Monday, May 15, 2017

The Great Flood of 2017

I take a quick shower. Start to finish, 7 minutes tops. Still, you'd be amazed by how much can go wrong during that short amount of time. In fact, I am pretty sure that each time I cross the threshold into the bathroom, I trip some sort of wire in the time-space continuum. It is as if time stops and then stretches so that each minute lasts just short of eternity. Multiple epic sagas occur during the brief time I am occupied with my personal hygiene and self care.

Since practically every shower I've taken since 2004 has been interrupted by someone or something, I have gotten pretty adept at tuning out the mayhem that invariably occurs. This is why it seemed so strange to hear ear-rending screams the other day as I climbed out of the shower. Stranger, the screams were coming from Ren. Ren is the kind of guy who encounters a snake in the basement and decides the best course of action is to catch it with chopsticks and keep it as a family pet, so when I heard him screaming I knew it couldn't be good.

Grabbing a towel, I rushed out of the bathroom without even drying myself. I found him furiously wiping the floor in the guest bathroom. Clearly, this was no simple potty accident. But, before I could comprehend what had happened, Ren shouted, "Stow flooded the bathroom. Check the basement!!!!"

I'd only been gone for 7 minutes. When I went to the shower, the kids were dressed, the bentos had been made, and everyone was calmly eating breakfast. Now there was utter chaos.

We had 15 minutes to bus time, so I barked directions to Sky and Pink as I threw on some clothes and ran down the steps. "Get your teeth brushed. Pack your backpacks. Keep Stow out of trouble." Normally instructions like these go entirely unheeded, but the kids were suddenly unnaturally compliant.

Downstairs, I hurried from room to room trying to locate where the tremendous amount of water (WHY is there SO MUCH WATER?!?!) was going. I started in the bathroom and made my way from room to room checking the most logical places for the water to drain. Regret about the decision to drywall the ceilings consumed me. I heard the water before I saw it. It sounded a little like someone was dumping buckets from the ceiling. In my head, I was finding it hard to calculate the cost of repair.

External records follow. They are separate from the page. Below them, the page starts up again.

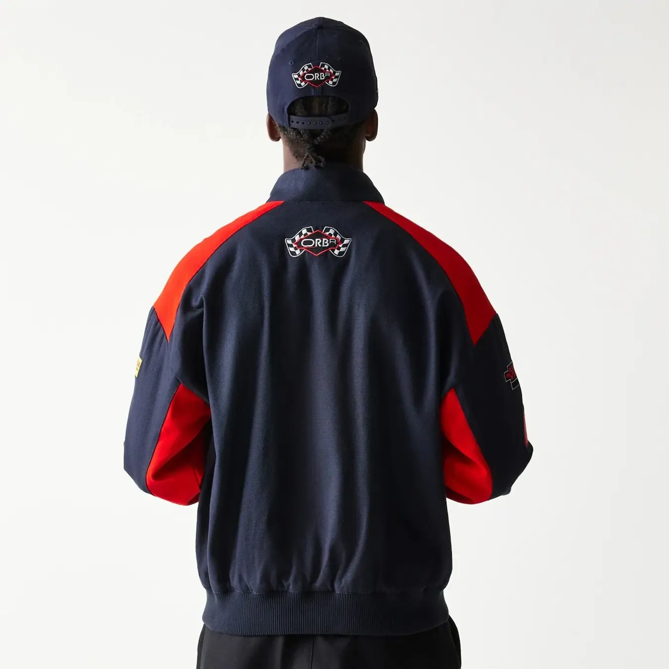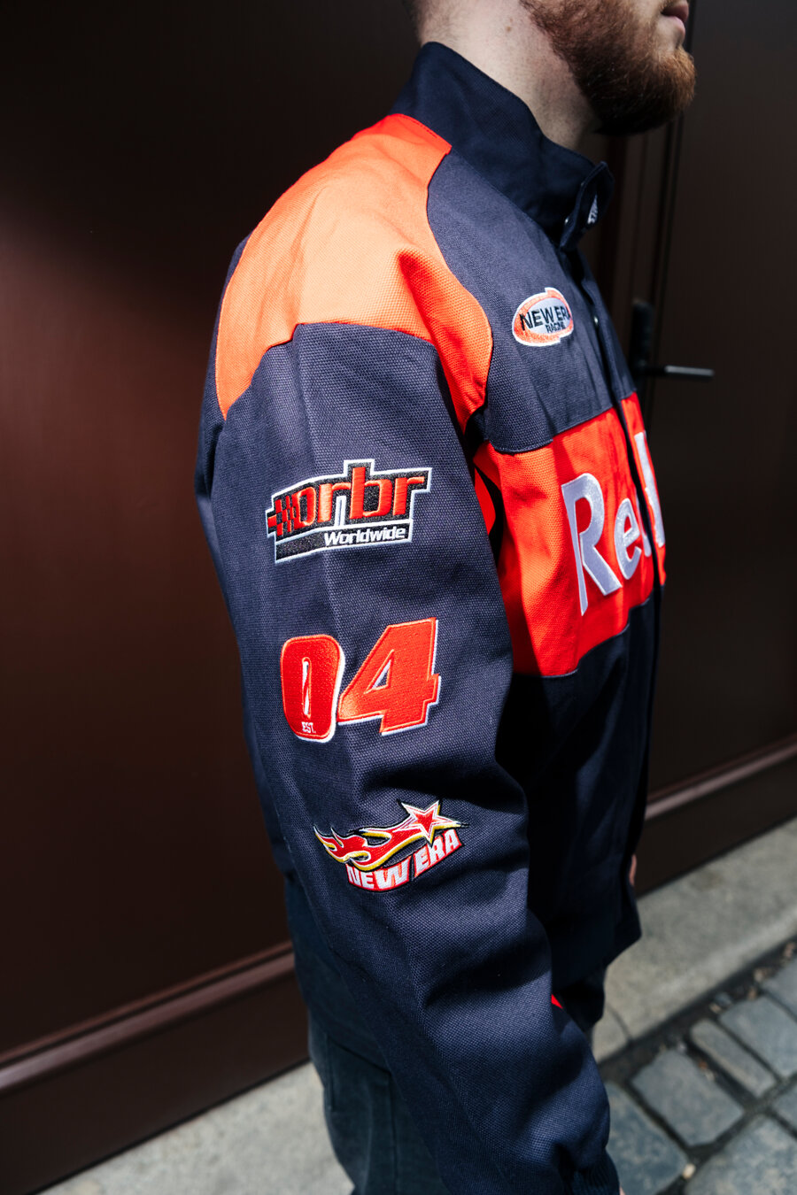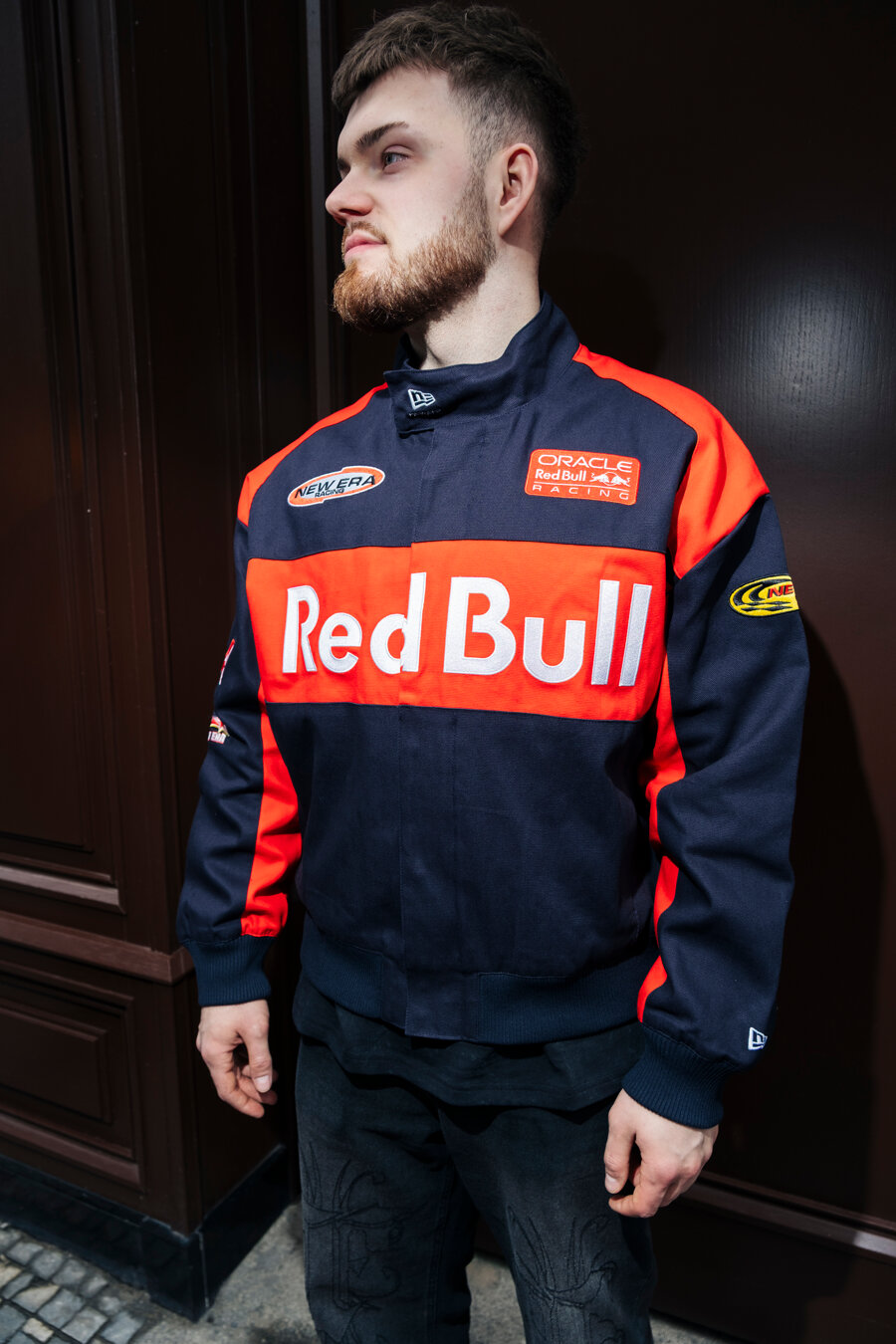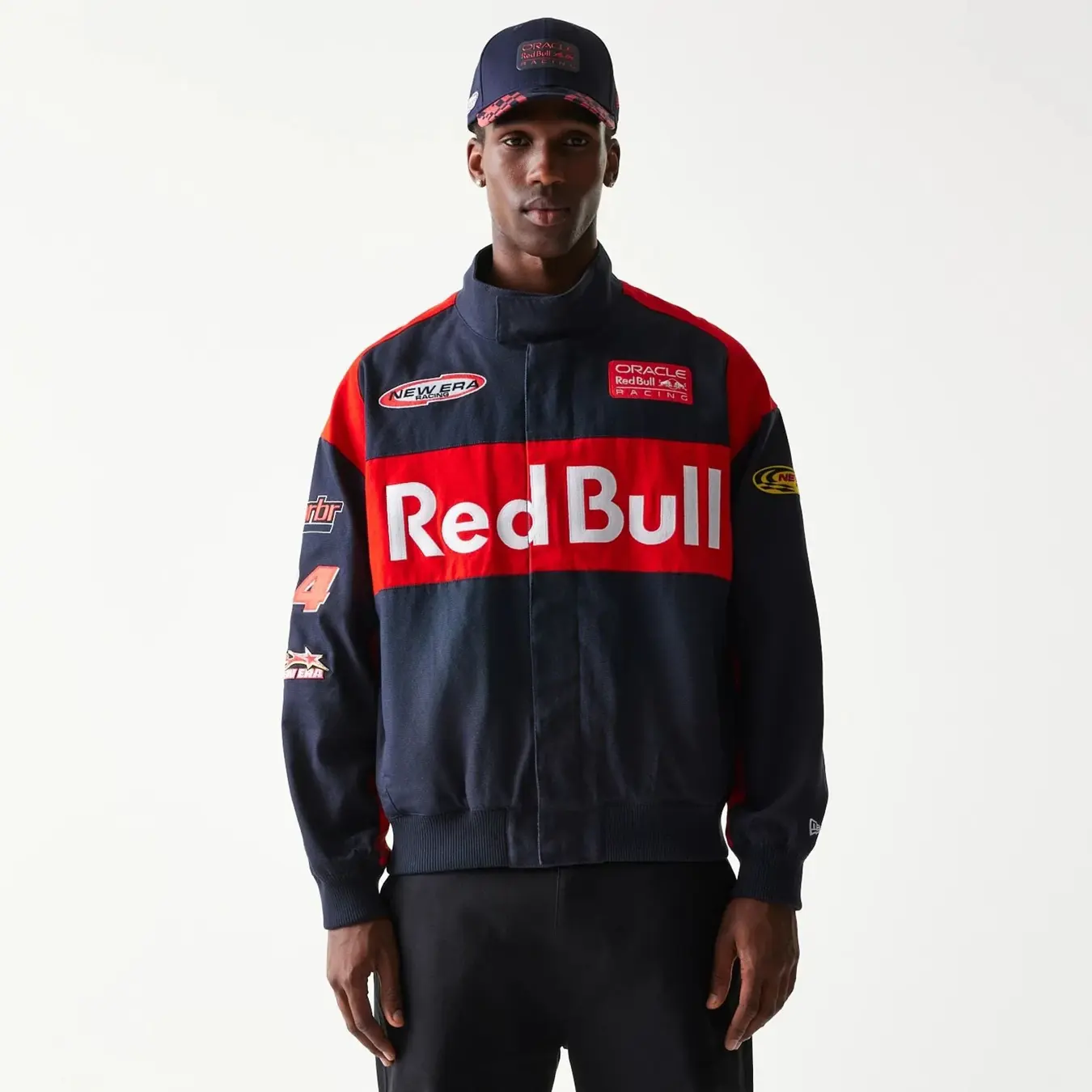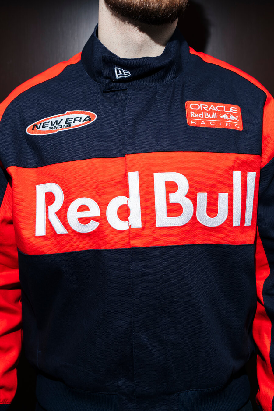 Tmavě Modrá pánská Podzimní bunda značky New Era s motivem týmu RED BULL F1.
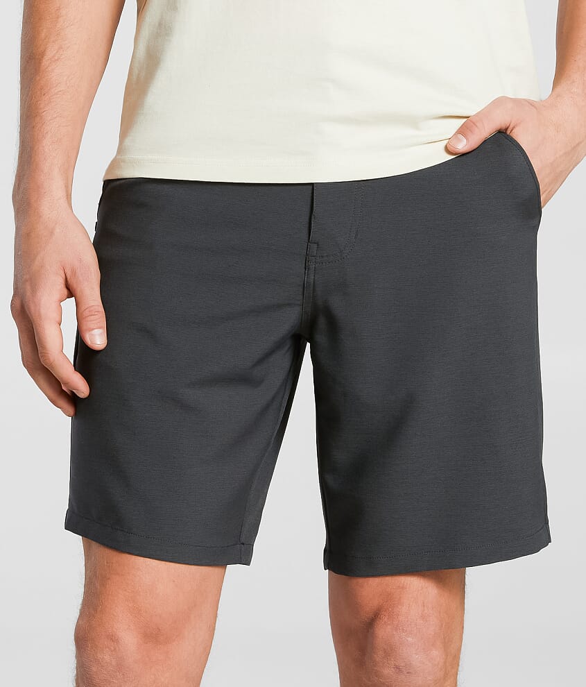Flat front short 12" rise Back welt zipper and snap pockets Zip fly Quick dry
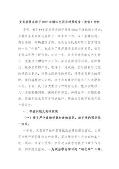 / 支部委员会班子2025年组织生活会对照检查(发言)材料
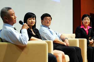 三位主講者分別是軟件公司Managed Objects亞太總經理蔡卓麟、律師鐘庭輝和國大金融學助理教授張偉娜博士,他們根據各自領域的課題,分別就新加坡工作文化、法律問題和學術氛圍發(fā)表演講。
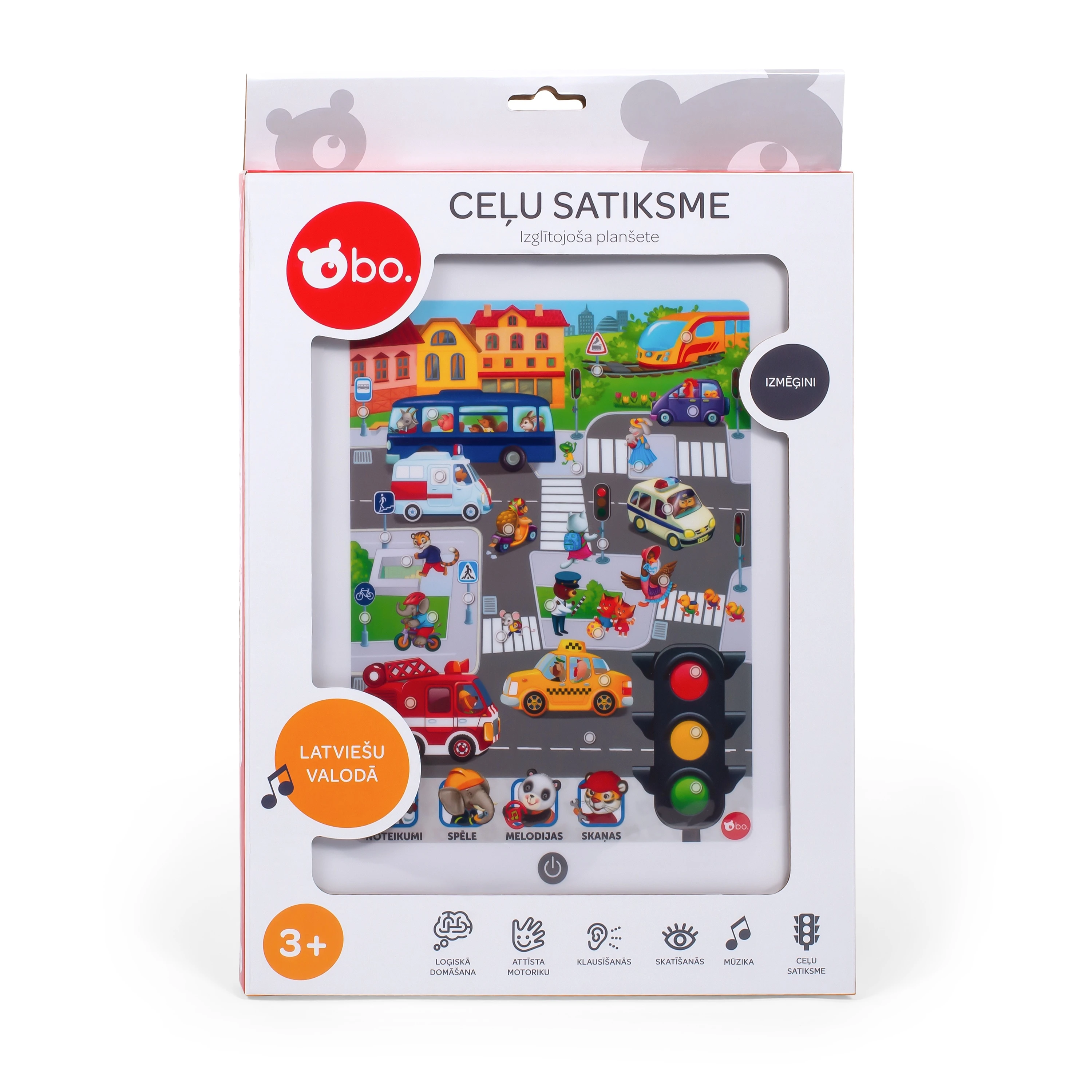 Ir tik viegli un aizraujoši apgūt ceļu satiksmes noteikumus ar jauno, latviski runājošo bo. Satiksmes mācību planšetdators! Klausieties ceļa zīmju un ceļa apzīmējumu nosaukumus, transportlīdzekļu nosaukumus un to skaņās. Atcerieties noteikumus un pārbaudiet savas zināšanas, spēlējot aizraujošu spēli! Jautrās melodijas papildinās izklaidi! Ietver tādas populāras bērnu dziesmas kā "Autobusā", "Luksofors", "Pāri ielai", "Braucu es ar riteni" un "Sprādzējies".
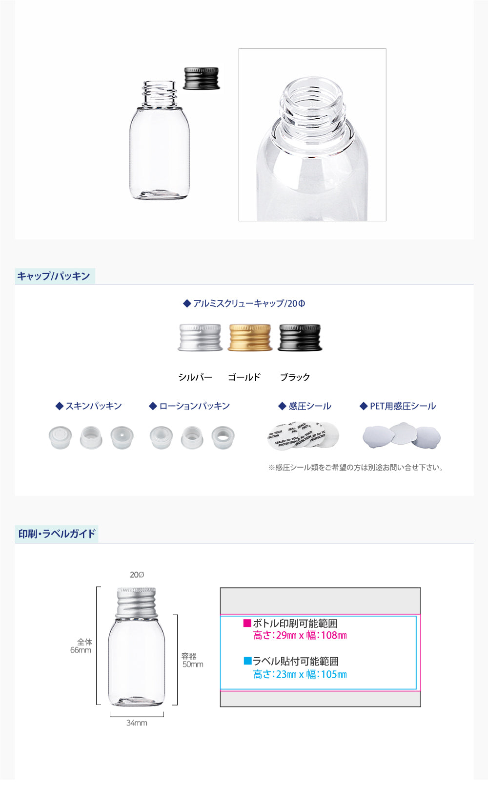 容量:30ml / 口径 : 20φ / 高さ:66mm / 直径 : 34mm
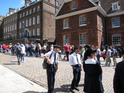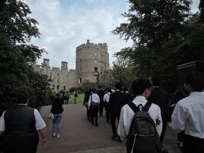 | 僕たちは4日目にウィンザー城へ行きました。今回行くところも全く知らないところです。しかし、僕たちは自分の知っている場所でわいわいするのではなく、知らないところでも適応してわいわいすることができます。まずは教会です。ここでは写真NGでいろいろな貴重なものが置いてありましたが、神聖な場所なのでわいわいできませんでした。次に衛兵の行進を見ました。凄い迫力があり本物の銃や剣を見て足がすくんでしまいました。やはりわいわいできませんでした。結論として初めて行く場所では事前に知っておかないとわいわいできず、バスの中でテンションが上がるものの、すぐに疲れて寝しまうことが分かりました。(M.H.) | |||
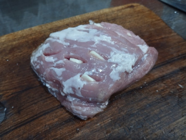 Единственное ,что изменила,это использовала свежий чеснок вместо сухого, который порезала пластинками и нашпиговала ими мясо.
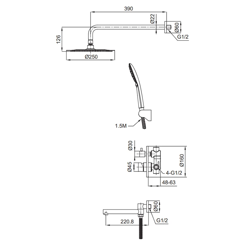 - Комплектация Шланг 150 см, ручна лійка, стельова лійка, тримач для лійки
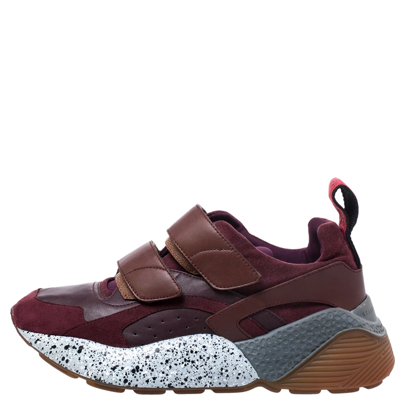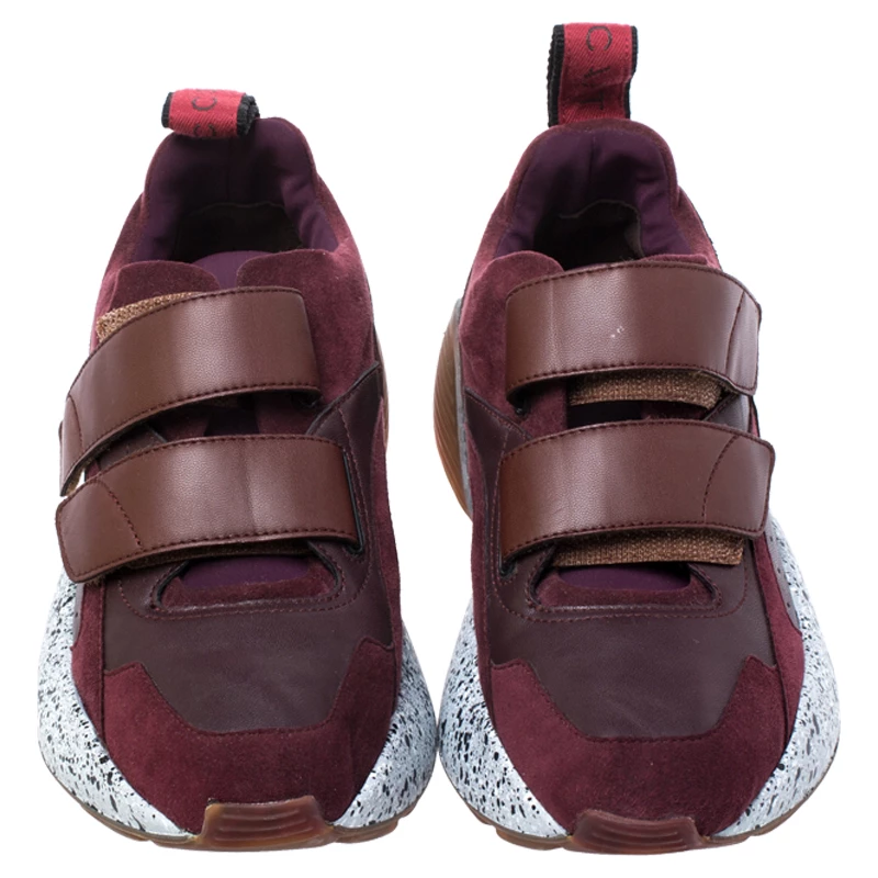 Stella McCartney Burgundy Fabric And Faux Suede Eclypse Lace Up Sneakers Size 39 For Women
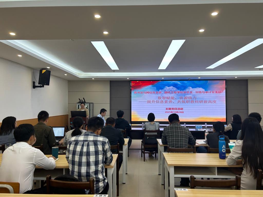 (路桥讯)为积极响应国家教育数字化战略行动,赋能职业教育科研水平提升。10月28日,路桥工程学院党总支联合图书馆与网信党支部、财务与审计党支部开展了一场题为“数智赋能,资源助力——提升信息素养,共筑职教科研新高度”的主题党日活动。本次活动为师生带来一场集政策解读、技术应用与资源获取于一体的科研盛宴,学院院长助理骆俊晖博士主持,学院200名师生代表参加活动。
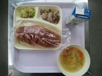 本日のメニューです 豚肉のガーリック焼き スープ ツナとキャベツのソテー 加工パン 牛乳
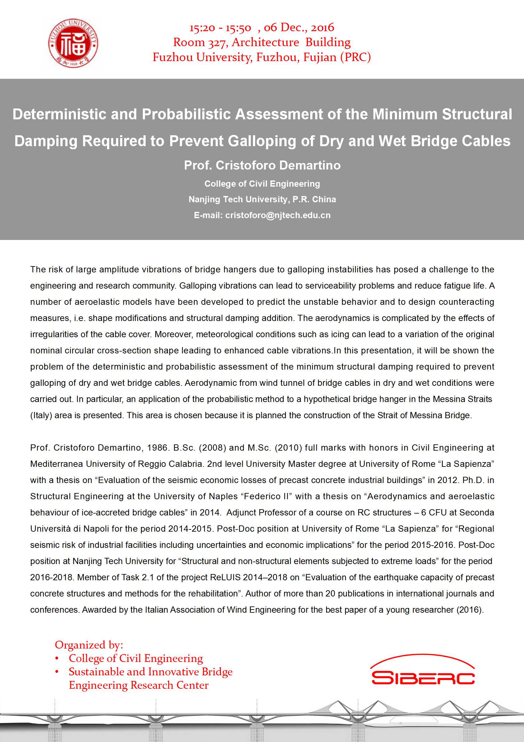 下一篇:Giuseppe Quaranta 教授 讲座:“Smart Monitoring of Structures and Infrastructures”
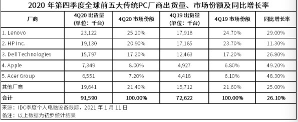 1月11日,根据国际数据公司(IDC)全球季度个人计算设备追踪报告的初步结果显示,2020年全年, 全球PC市场出货量超3亿台,同比增长13.1%,创下近年来新高。其中,2020年第四季度全球PC出货量同比增长26.1%,达到9160万台。
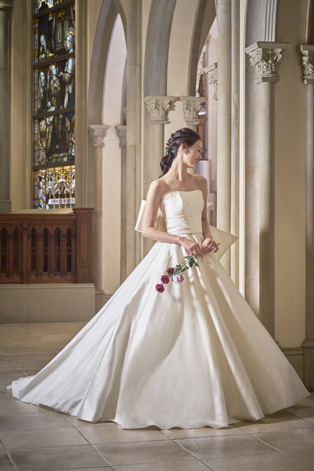 送料無料!ウエディングドレス ベアトップ プリンセスライン ビスチェドレス バックリボン かわいい 高級サテン トレーン オーダードレス ハンドメイド エレガント 優雅 花嫁 結婚式/前撮り/二次会 セレモニー イブニングドレス 合コン パーティドレス ミディアムドレス | David1021k Dress(ダヴィドレス)
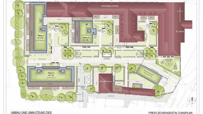 Die konkreten Umbaupläne hat die Immobilien-Firma am Montag im Bauausschuss präsentiert. Das Immobilienunternehmen realisiert auf dem Klosteranwesen bis Ende des nächsten Jahres genau 57 Wohnungen. Im historischen Klostergebäude entstehen 19 Wohnungen.
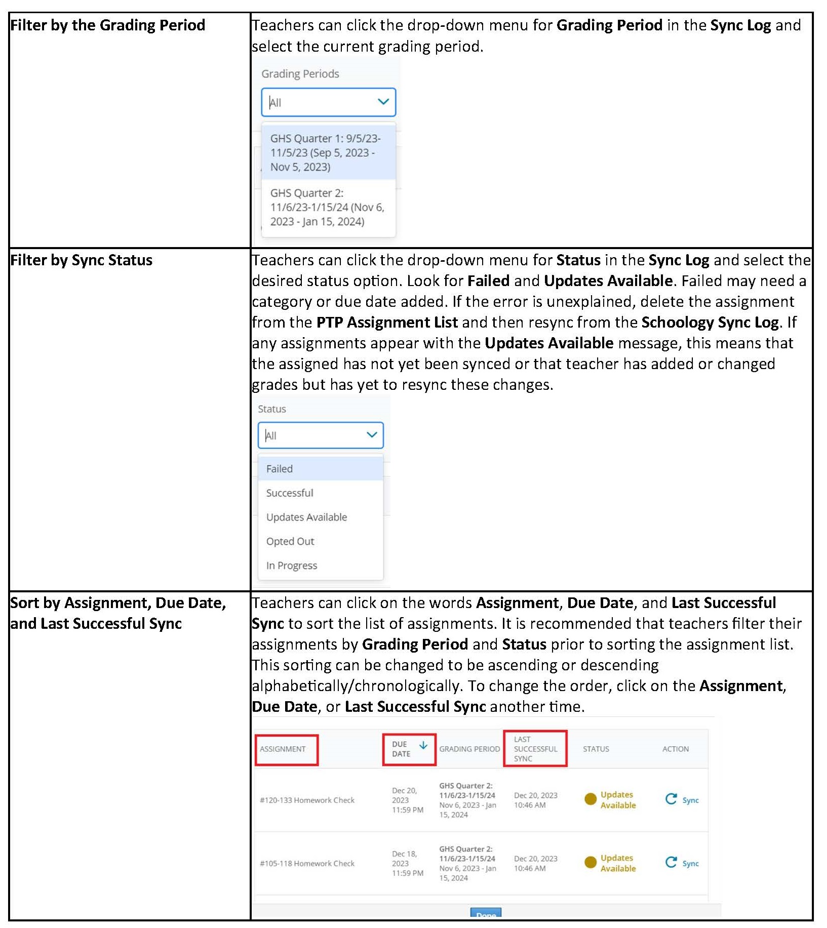 To make using the Sync Log easier, Schoology has new filtering options available including filtering by:

When I finally found the damage, I was amazed. I was amazed by colossal flood Stow had caused, but I was even more amazed by the fact that the massive amounts of water all poured down just inside the doorway to the unfinished storage room. I mean, an inch further to the west and the water would have pooled inside the drywall causing it to crumble down onto the new-ish carpet and furniture in the finished part of the basement. More surprising, even though the water was spraying everywhere, it sprayed in such a way that only unimportant and easily dried things got wet. Mere centimeters from a puddle on the table, for example, a pile of the kids' best artwork was completely dry. I got up on a chair and reached my hand over the top of the storage room door frame into the finished part of the ceiling; besides a small bit of wet insulation, it was completely dry. I ripped out the wet part and went in search of the wet vac.

In the end, the whole catastrophe lasted about 30 minutes. The kids got to the bus on time, and after drying up the bathroom cabinets and floor and relocating all the dehumidifiers and heaters in the house to the basement, I left Ren and Sky to finish vacuuming up the water in the storage room. As I drove to work, only minutes later than I might have been without the flood, I thought about how this great flood so quickly resolved was probably a perfect metaphor for something--though for what, I wasn't entirely sure.

See, the other piece of the story is this: things are falling apart again. Our literal flood symbolizes a figurative one that threatens to overwhelm us. The week that Stow flooded the bathroom, we started pretty intensive in-home therapy to try to get a better handle on the flare in behavioral challenges that feel pretty insurmountable right now. That week also Ren finally acknowledged that, yes, his back really, really hurts. I'd been suspecting this for awhile, but he wasn't ready to admit it until he could no longer stand the pain. The fact that Ren panicked so quickly and worked so slowly to stem Stow's flood was irrefutable proof to me that the back is probably past the point of no return.

So, yeah, one way to read Stow's bathroom flood is as a sign that we are incredibly luck and that everything will be okay. But, I imagine the more accurate reading of it is as a sign that the relative peace that came from 12 straight months of a cooperative spine has come to an end. We're about to hit some rough terrain again, and Stow's flood was just the beginning.